(Dataset items)
☆ ☆ ☆ ☆ ☆ ☆ ☆
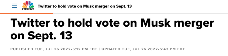 Акционеры Twitter соберутся на специальное заседание 13 сентября, чтобы провести голосование касательно продажи социальной сети Илону Маску за 44 млрд долларов.
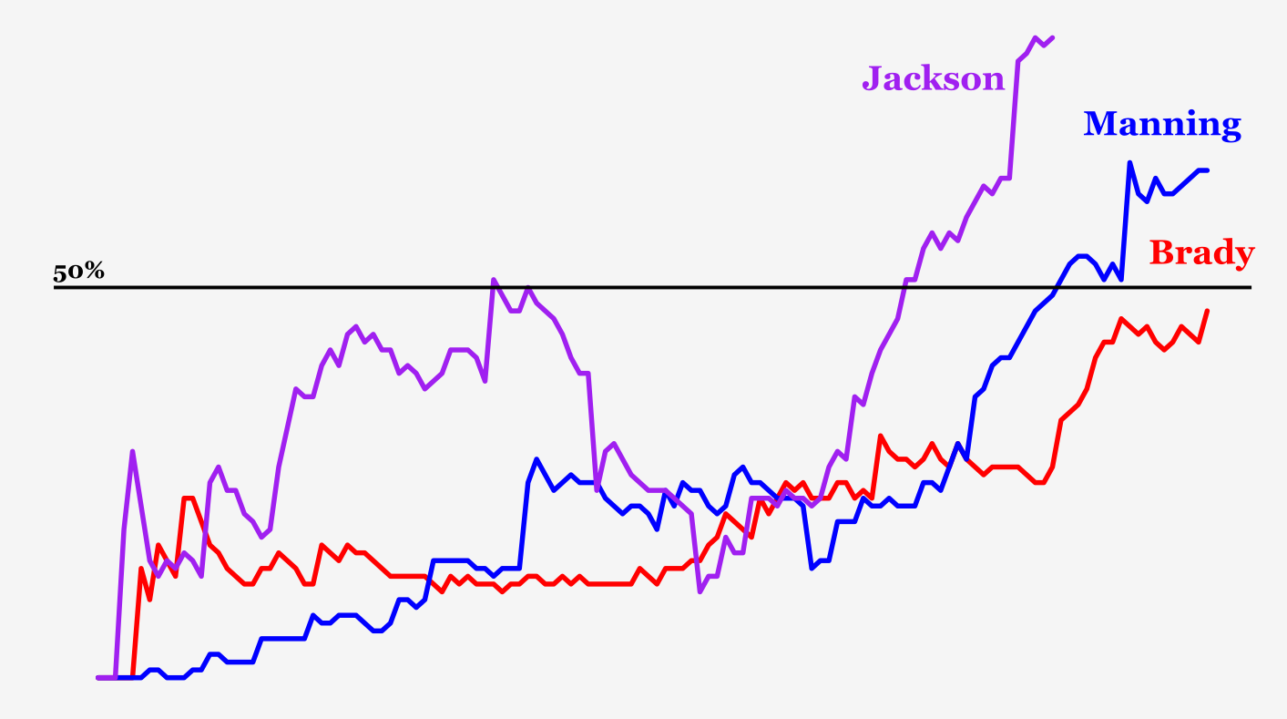 Jackson, actually compares favorably to both Brady and Manning for the first 110 games of his career. This stretch of games from 80 to 130 or so is when both Brady and Manning found their first peak. And Jackson is hitting his stride around the same time.
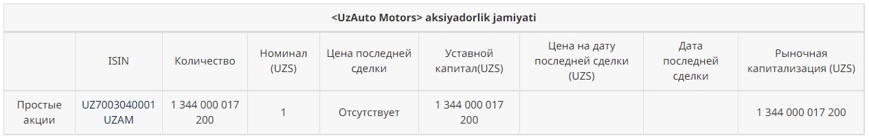 10 октября единственным акционером АО «UzAuto Motors» принято решение выпустить дополнительные акции на 5,99 млрд сумов (по номинальной стоимости), размещаемых акционеру – ООО «UzAuto Passenger Vehicles Management» (100% дочка Узавтосаноат) в счёт реинвестиции (капитализации) части нераспределённой прибыли АО
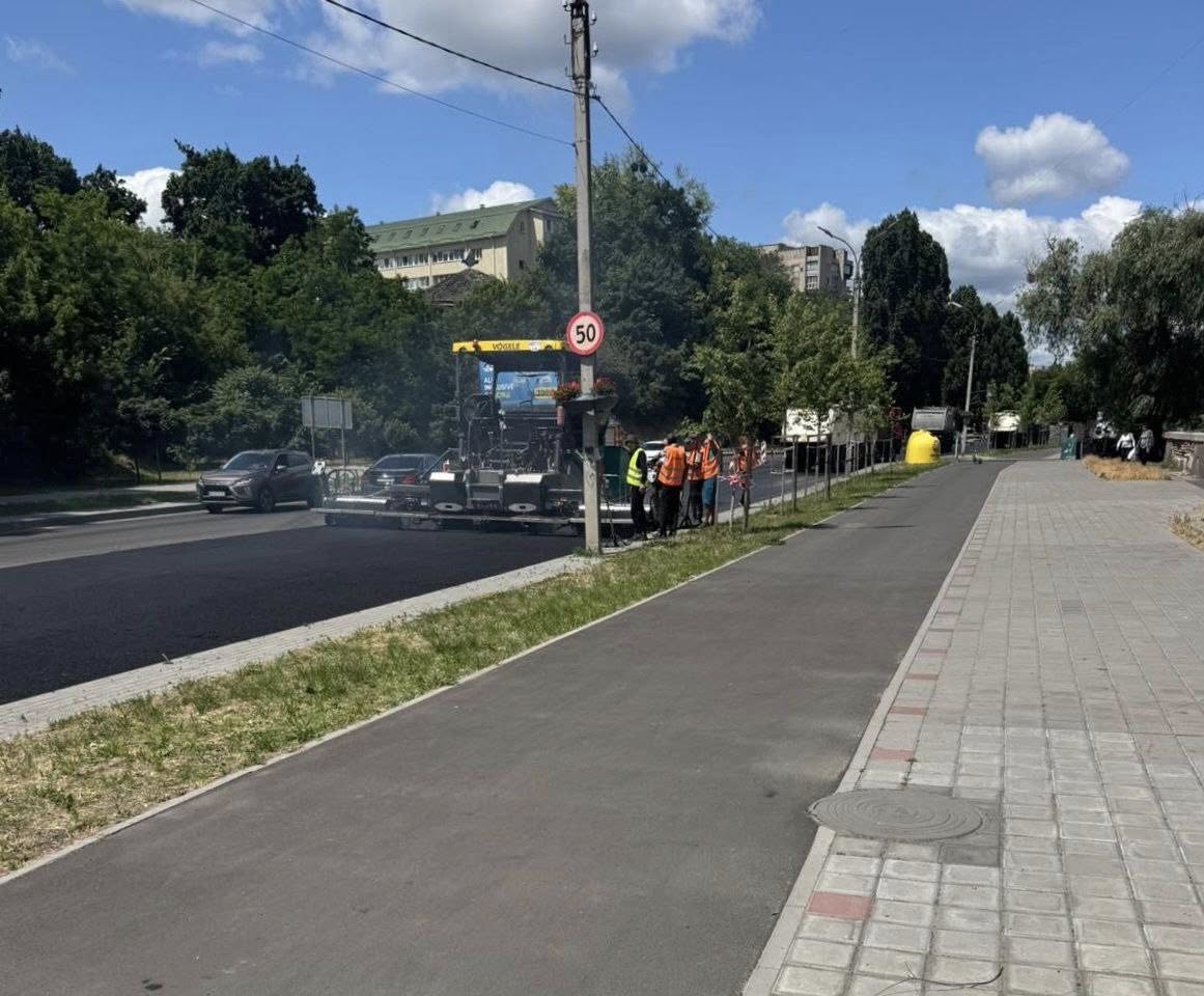 На вулиці Володимира Великого (Гагаріна) триває завершальний етап капітального ремонту — підрядник укладає третій, фінішний шар асфальту.
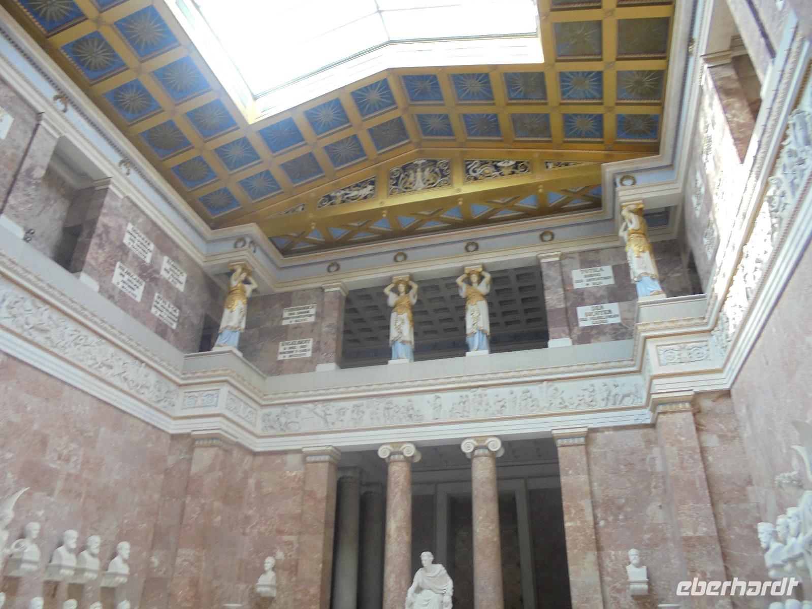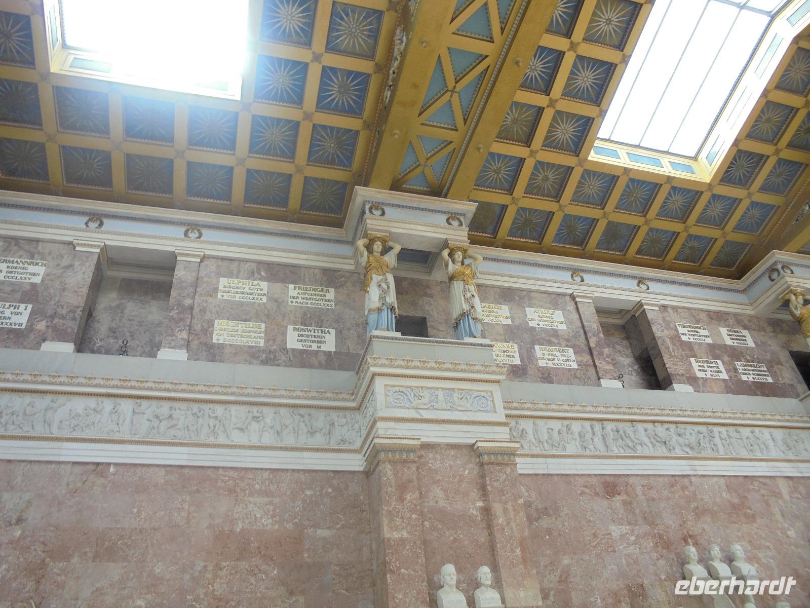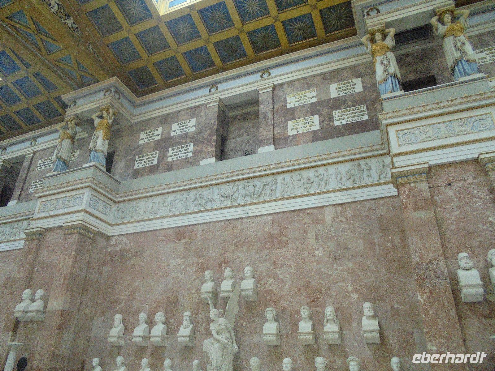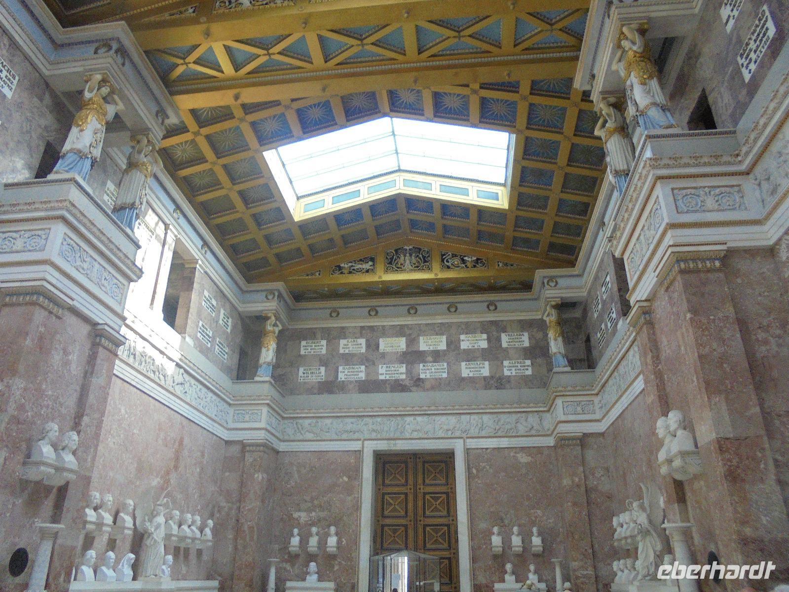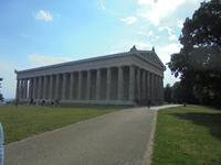Nach interessantem Aufenthalt fuhren wir dann schon in Richtung unseres Hotels in Donaustauf, das idyllisch nahe an der Donau und zu Füßen des Berges liegt, der die „Walhalla" trägt. Diese Gedenkstätte für bedeutende Deutsche - Kämpfer, Wissenschaftler oder Künstler seit „germanischen Zeiten" und der Völkerwanderung, wurde zwischen 1830 und 1842 auf Betreiben des Bayernkönigs Ludwigs I. im Stile eines griechischen Tempels errichtet. Hintergrund waren die napoleonischen Kriege, Inspiration lieferte die Verklärung germanischer Mythologie und wahren Heldentums in der Romantik. So enthält dieser „Ruhmestempel", den der Architekt Leo von Klenze mit gewaltigen Maßen von 125 m Länge und 55 m Höhe errichtete und der terrassenförmig ansteigend, einen großen Teil des abschüssigen Donautales beherrscht, nicht nur Namen und Büsten moderner Zeit, sondern es finden sich auch eher legendäre Namen wie aus den Heldensagen der Edda oder von Königen aus der Völkerwanderung wie Alarich, Geiserich, Totila oder Theoderich.
☆ ☆ ☆ ☆ ☆ ☆ ☆
> [Assignment]: The answer should contain only the lines from the start of the records above through the line with "Jackson, actually compares", copied exactly, and no pictures.

> [Completed task]:
 Акционеры Twitter соберутся на специальное заседание 13 сентября, чтобы провести голосование касательно продажи социальной сети Илону Маску за 44 млрд долларов.
 Jackson, actually compares favorably to both Brady and Manning for the first 110 games of his career. This stretch of games from 80 to 130 or so is when both Brady and Manning found their first peak. And Jackson is hitting his stride around the same time.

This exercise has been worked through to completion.